My babies are just now getting big enough to produce ANY odor whatsoever(3 weeks, very very faint odor).  This poses the question to me about what to do about the odor control.  I know the common answer is a filter(im currently using a 6" vortex in a growroom that is 2'x4'x8').  The vortex blows into a duct that blows upstairs....as you can imagine....479cfm is quite a bit of airflow and I predict that it will fill the upstairs with stench when the plant gets older.  I know the common means is to use an inline carbon filter but I really dont want to restrict the airflow.  What about those ozone generators? I know they are pricey but it seems like for a space that small(with only 2 plants growing) that it might be a way to go where i have *fresh ozone air* upstairs versus *filtered* air.  Any suggestions?


----------



## Canso (Nov 6, 2006)

*fresh ozone air*
In the amounts you need for your grow smell
Is bad for your health, I think it causes lung damage or somthing bad like that.
ozone needs to be exhausted outside.



Buy the biggest filter your room will allow, no other choice for your situation.


----------



## Tom 'Green' Thumb (Nov 7, 2006)

Actually a carbon filter (scrubber) will not restrict the air flow much at all.  If you purchase the proper one designed for your size fan it should be fine.  They are the most effective and you will not smell anything if set up properly.  If you still want to stear clear of carbon then the next best thing is an ozone generator.  For a grow your size one 'cannon' would be fine.  I say 'cannon' becaise the one I own is black and looks just like one.  It is about a foot and a half long and has a round cylinder that fans out the ozone.  You must remember though if you have children it is not good too use ozone.  The ozone can be bad for breathing and even if you have no children should not be run constantly.  If I were you do some reading on the issue before purchasing.  Hope this helps and good luck on your grow!

TGT


----------



## Brouli (Dec 14, 2006)

ION generator that is cheap  ,
  and HEPA filter and you good

but remember that ion generator will make your plant less smely so as the buds that you will produce 
keep the generator out side of your growing  "place"    but i hered frome somebody that carbon filters also make magic  like TGT said


----------



## ob1kinsmokey (Dec 14, 2006)

i wouldnt worry about restricting ariflow at all. with a 150cfms or more on a 6"can filter you are talking about good airflow. 
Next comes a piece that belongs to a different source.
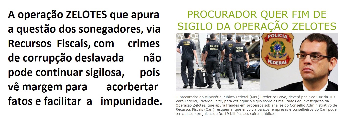 Quanto aos outros dois processos e procedimentos de apuração contas secretas do HSBC e Operação Zelote, de iniciativa do Governo Federal, do Ministério da Justiça e da Fazenda, envolvem essencialmente, grandes empresas e empresários com crimes fiscais vultuosos entre outros ilícitos.

you want to reach a middle piont when your dealing with deep stench. you dont want air flow to go to fast because it wont be as efficient in clensing it of its smell. 

if you have only a faint smell, and your plants dont stink to much i would just say odors blocks. 

they really do work great. not realistic for longdistance grows. but they will work good for a month or 2 before needing to be replaced. about 8 bucks a piece.


----------